If we have exact 67 points for Canada PR, Would we get Invitation to apply PR within a year. What if we are not picked in a year ?


----------



## WestCoastCanadianGirl (Mar 17, 2012)

You need 67 to qualify to enter the Express Entry pool.

You then have to make an Express Entry profile and get your CRS score.

If you don't have a high enough CRS ranking, you will have to improve this score in order to qualify for an Invitation to Apply. There is no quota system... either you have a high enough CRS score or you don't.

You have 1 (one) year to improve your CRS score before your profile expires and you'll have to renew it.

Look here to see what the minimum CRS scores have been for every draw to date. 

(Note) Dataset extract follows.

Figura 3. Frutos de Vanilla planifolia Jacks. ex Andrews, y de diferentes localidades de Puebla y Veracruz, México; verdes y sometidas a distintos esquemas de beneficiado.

No, I doubt that the CRS will ever drop below 450... the program has been active for almost 2 years and it has never been lower than 450. There is no way to circumvent the system - the onus is on _you_ to meet the minimum and not for the GoC to lower the minimum CRS to include your rank.

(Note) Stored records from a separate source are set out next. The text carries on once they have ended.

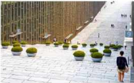
มหาวิทยาลัยอึองวา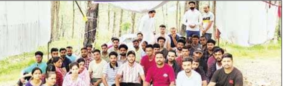
जेओए आईटी का परिणाम निकालने को लेकर 11वें दिन पहुंची भूख-हड़ताल।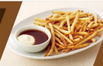
カリカリポテト (BBQ & マヨ) 400円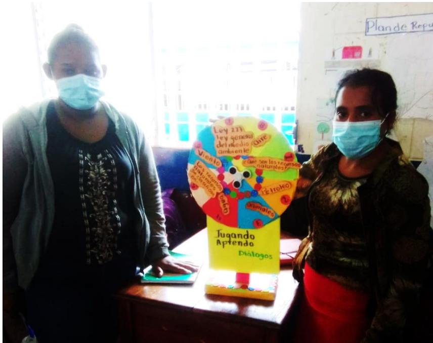
Ilustración 12 Presentación de la Ruleta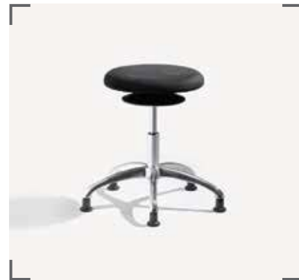
ERGO 3 A

The program was developed to allow the most suited candidates to have access to PR in Canada instead of the first in line.. it's not enough to _want to_ come to Canada... you need to have the qualities that the Government of Canada feel would make you a suitable candidate... currently, the Government has deemed that candidates with a CRS >450 would be best suited.

I refer you to the video in the 'How Express Entry Works" sticky.


----------



## Shashank DR (Dec 14, 2016)

Thanks for the Info. One question still remains. Let me rephrase it.
Assuming that i will have a score above 450, Roughly around 462. If we are not picked for an year with this score of 462. What would be the process post one year. Will we have to start from beginning ? Or again it will add us in express entry pool for next year automatically.
I could not find the video u referred.


----------



## WestCoastCanadianGirl (Mar 17, 2012)

_*You*_ have to re-enter the pool, it won't just re-list you automatically... the onus is on you to keep track of your account and re-apply (if necessary) when it expires.

Exit out of this thread and go back into the Canada branch. At the top of the list of threads are the ones that are "sticky" threads (i.e. they will stay at the top of the list). The "How Express Entry works" thread is one of those "sticky" threads.


----------



## Shashank DR (Dec 14, 2016)

Yep that was the query exactly. Great , Thanks.


----------